◆ WHAT THE EXERCISE ASKS:
The entire listing is to be repeated verbatim.
┏━━
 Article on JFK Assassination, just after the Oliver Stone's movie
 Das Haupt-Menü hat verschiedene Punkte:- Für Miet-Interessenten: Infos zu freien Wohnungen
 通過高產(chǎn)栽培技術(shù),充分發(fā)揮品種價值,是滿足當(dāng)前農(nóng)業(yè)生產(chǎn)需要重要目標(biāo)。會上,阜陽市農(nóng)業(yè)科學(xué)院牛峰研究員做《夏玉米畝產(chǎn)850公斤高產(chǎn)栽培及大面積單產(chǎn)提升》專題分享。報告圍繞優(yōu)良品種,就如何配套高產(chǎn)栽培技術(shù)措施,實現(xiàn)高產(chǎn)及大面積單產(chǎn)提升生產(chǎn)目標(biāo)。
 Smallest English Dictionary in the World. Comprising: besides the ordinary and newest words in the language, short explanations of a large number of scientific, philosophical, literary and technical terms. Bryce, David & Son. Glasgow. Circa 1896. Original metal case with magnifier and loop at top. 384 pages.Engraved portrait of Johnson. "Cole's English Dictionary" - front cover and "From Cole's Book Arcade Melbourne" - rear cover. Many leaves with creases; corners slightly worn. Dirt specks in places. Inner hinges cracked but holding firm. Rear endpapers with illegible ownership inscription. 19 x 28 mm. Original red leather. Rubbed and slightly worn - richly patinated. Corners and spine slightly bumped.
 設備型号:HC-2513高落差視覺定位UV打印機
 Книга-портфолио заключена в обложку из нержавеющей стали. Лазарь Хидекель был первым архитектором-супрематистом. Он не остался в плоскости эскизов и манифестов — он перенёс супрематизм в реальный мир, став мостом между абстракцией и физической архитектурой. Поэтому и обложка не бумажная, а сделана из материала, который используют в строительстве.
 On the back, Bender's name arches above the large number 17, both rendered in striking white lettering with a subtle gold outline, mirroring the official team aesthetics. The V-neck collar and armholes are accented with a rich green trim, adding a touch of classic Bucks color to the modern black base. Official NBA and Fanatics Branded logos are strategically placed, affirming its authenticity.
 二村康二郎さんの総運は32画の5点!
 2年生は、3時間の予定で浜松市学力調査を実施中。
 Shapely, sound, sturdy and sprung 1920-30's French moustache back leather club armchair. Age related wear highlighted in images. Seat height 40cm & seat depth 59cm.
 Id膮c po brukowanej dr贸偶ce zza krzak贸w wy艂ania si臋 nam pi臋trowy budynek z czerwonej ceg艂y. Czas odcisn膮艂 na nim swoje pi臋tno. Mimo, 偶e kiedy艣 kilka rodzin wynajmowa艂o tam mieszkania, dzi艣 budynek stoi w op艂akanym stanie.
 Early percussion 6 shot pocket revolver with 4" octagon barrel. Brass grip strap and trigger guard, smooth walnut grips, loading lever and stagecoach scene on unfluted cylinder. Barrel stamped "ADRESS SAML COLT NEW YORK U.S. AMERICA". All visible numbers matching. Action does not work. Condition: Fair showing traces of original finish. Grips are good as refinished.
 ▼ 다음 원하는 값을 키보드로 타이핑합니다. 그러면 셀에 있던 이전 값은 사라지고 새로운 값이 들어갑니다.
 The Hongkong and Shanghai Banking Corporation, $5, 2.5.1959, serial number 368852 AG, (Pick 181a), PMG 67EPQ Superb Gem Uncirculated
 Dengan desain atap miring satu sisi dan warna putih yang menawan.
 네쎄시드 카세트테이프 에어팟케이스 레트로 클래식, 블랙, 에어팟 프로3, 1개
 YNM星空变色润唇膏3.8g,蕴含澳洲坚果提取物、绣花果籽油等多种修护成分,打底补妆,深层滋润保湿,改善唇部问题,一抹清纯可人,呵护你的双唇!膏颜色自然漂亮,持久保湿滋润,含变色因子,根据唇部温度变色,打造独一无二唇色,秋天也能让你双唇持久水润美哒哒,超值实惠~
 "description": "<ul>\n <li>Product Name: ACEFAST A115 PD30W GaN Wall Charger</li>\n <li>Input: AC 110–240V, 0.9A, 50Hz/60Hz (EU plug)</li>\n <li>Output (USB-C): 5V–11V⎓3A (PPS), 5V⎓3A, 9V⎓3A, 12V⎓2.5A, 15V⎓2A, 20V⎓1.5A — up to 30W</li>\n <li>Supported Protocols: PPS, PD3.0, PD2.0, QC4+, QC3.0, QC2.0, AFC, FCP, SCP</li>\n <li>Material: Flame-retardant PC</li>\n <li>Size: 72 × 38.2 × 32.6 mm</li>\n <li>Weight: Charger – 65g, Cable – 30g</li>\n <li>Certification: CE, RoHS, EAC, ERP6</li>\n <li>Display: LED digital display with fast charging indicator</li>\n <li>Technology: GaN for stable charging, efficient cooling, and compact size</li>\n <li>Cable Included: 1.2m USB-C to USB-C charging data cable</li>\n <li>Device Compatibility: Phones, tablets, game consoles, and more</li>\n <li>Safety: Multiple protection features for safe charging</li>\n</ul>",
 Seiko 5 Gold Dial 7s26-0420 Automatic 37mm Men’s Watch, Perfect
┗━━
◆ RESPONSE BOX:
 Article on JFK Assassination, just after the Oliver Stone's movie
 Das Haupt-Menü hat verschiedene Punkte:- Für Miet-Interessenten: Infos zu freien Wohnungen
 通過高產(chǎn)栽培技術(shù),充分發(fā)揮品種價值,是滿足當(dāng)前農(nóng)業(yè)生產(chǎn)需要重要目標(biāo)。會上,阜陽市農(nóng)業(yè)科學(xué)院牛峰研究員做《夏玉米畝產(chǎn)850公斤高產(chǎn)栽培及大面積單產(chǎn)提升》專題分享。報告圍繞優(yōu)良品種,就如何配套高產(chǎn)栽培技術(shù)措施,實現(xiàn)高產(chǎn)及大面積單產(chǎn)提升生產(chǎn)目標(biāo)。
 Smallest English Dictionary in the World. Comprising: besides the ordinary and newest words in the language, short explanations of a large number of scientific, philosophical, literary and technical terms. Bryce, David & Son. Glasgow. Circa 1896. Original metal case with magnifier and loop at top. 384 pages.Engraved portrait of Johnson. "Cole's English Dictionary" - front cover and "From Cole's Book Arcade Melbourne" - rear cover. Many leaves with creases; corners slightly worn. Dirt specks in places. Inner hinges cracked but holding firm. Rear endpapers with illegible ownership inscription. 19 x 28 mm. Original red leather. Rubbed and slightly worn - richly patinated. Corners and spine slightly bumped.
 設備型号:HC-2513高落差視覺定位UV打印機
 Книга-портфолио заключена в обложку из нержавеющей стали. Лазарь Хидекель был первым архитектором-супрематистом. Он не остался в плоскости эскизов и манифестов — он перенёс супрематизм в реальный мир, став мостом между абстракцией и физической архитектурой. Поэтому и обложка не бумажная, а сделана из материала, который используют в строительстве.
 On the back, Bender's name arches above the large number 17, both rendered in striking white lettering with a subtle gold outline, mirroring the official team aesthetics. The V-neck collar and armholes are accented with a rich green trim, adding a touch of classic Bucks color to the modern black base. Official NBA and Fanatics Branded logos are strategically placed, affirming its authenticity.
 二村康二郎さんの総運は32画の5点!
 2年生は、3時間の予定で浜松市学力調査を実施中。
 Shapely, sound, sturdy and sprung 1920-30's French moustache back leather club armchair. Age related wear highlighted in images. Seat height 40cm & seat depth 59cm.
 Id膮c po brukowanej dr贸偶ce zza krzak贸w wy艂ania si臋 nam pi臋trowy budynek z czerwonej ceg艂y. Czas odcisn膮艂 na nim swoje pi臋tno. Mimo, 偶e kiedy艣 kilka rodzin wynajmowa艂o tam mieszkania, dzi艣 budynek stoi w op艂akanym stanie.
 Early percussion 6 shot pocket revolver with 4" octagon barrel. Brass grip strap and trigger guard, smooth walnut grips, loading lever and stagecoach scene on unfluted cylinder. Barrel stamped "ADRESS SAML COLT NEW YORK U.S. AMERICA". All visible numbers matching. Action does not work. Condition: Fair showing traces of original finish. Grips are good as refinished.
 ▼ 다음 원하는 값을 키보드로 타이핑합니다. 그러면 셀에 있던 이전 값은 사라지고 새로운 값이 들어갑니다.
 The Hongkong and Shanghai Banking Corporation, $5, 2.5.1959, serial number 368852 AG, (Pick 181a), PMG 67EPQ Superb Gem Uncirculated
 Dengan desain atap miring satu sisi dan warna putih yang menawan.
 네쎄시드 카세트테이프 에어팟케이스 레트로 클래식, 블랙, 에어팟 프로3, 1개
 YNM星空变色润唇膏3.8g,蕴含澳洲坚果提取物、绣花果籽油等多种修护成分,打底补妆,深层滋润保湿,改善唇部问题,一抹清纯可人,呵护你的双唇!膏颜色自然漂亮,持久保湿滋润,含变色因子,根据唇部温度变色,打造独一无二唇色,秋天也能让你双唇持久水润美哒哒,超值实惠~
 "description": "<ul>\n <li>Product Name: ACEFAST A115 PD30W GaN Wall Charger</li>\n <li>Input: AC 110–240V, 0.9A, 50Hz/60Hz (EU plug)</li>\n <li>Output (USB-C): 5V–11V⎓3A (PPS), 5V⎓3A, 9V⎓3A, 12V⎓2.5A, 15V⎓2A, 20V⎓1.5A — up to 30W</li>\n <li>Supported Protocols: PPS, PD3.0, PD2.0, QC4+, QC3.0, QC2.0, AFC, FCP, SCP</li>\n <li>Material: Flame-retardant PC</li>\n <li>Size: 72 × 38.2 × 32.6 mm</li>\n <li>Weight: Charger – 65g, Cable – 30g</li>\n <li>Certification: CE, RoHS, EAC, ERP6</li>\n <li>Display: LED digital display with fast charging indicator</li>\n <li>Technology: GaN for stable charging, efficient cooling, and compact size</li>\n <li>Cable Included: 1.2m USB-C to USB-C charging data cable</li>\n <li>Device Compatibility: Phones, tablets, game consoles, and more</li>\n <li>Safety: Multiple protection features for safe charging</li>\n</ul>",
 Seiko 5 Gold Dial 7s26-0420 Automatic 37mm Men’s Watch, Perfect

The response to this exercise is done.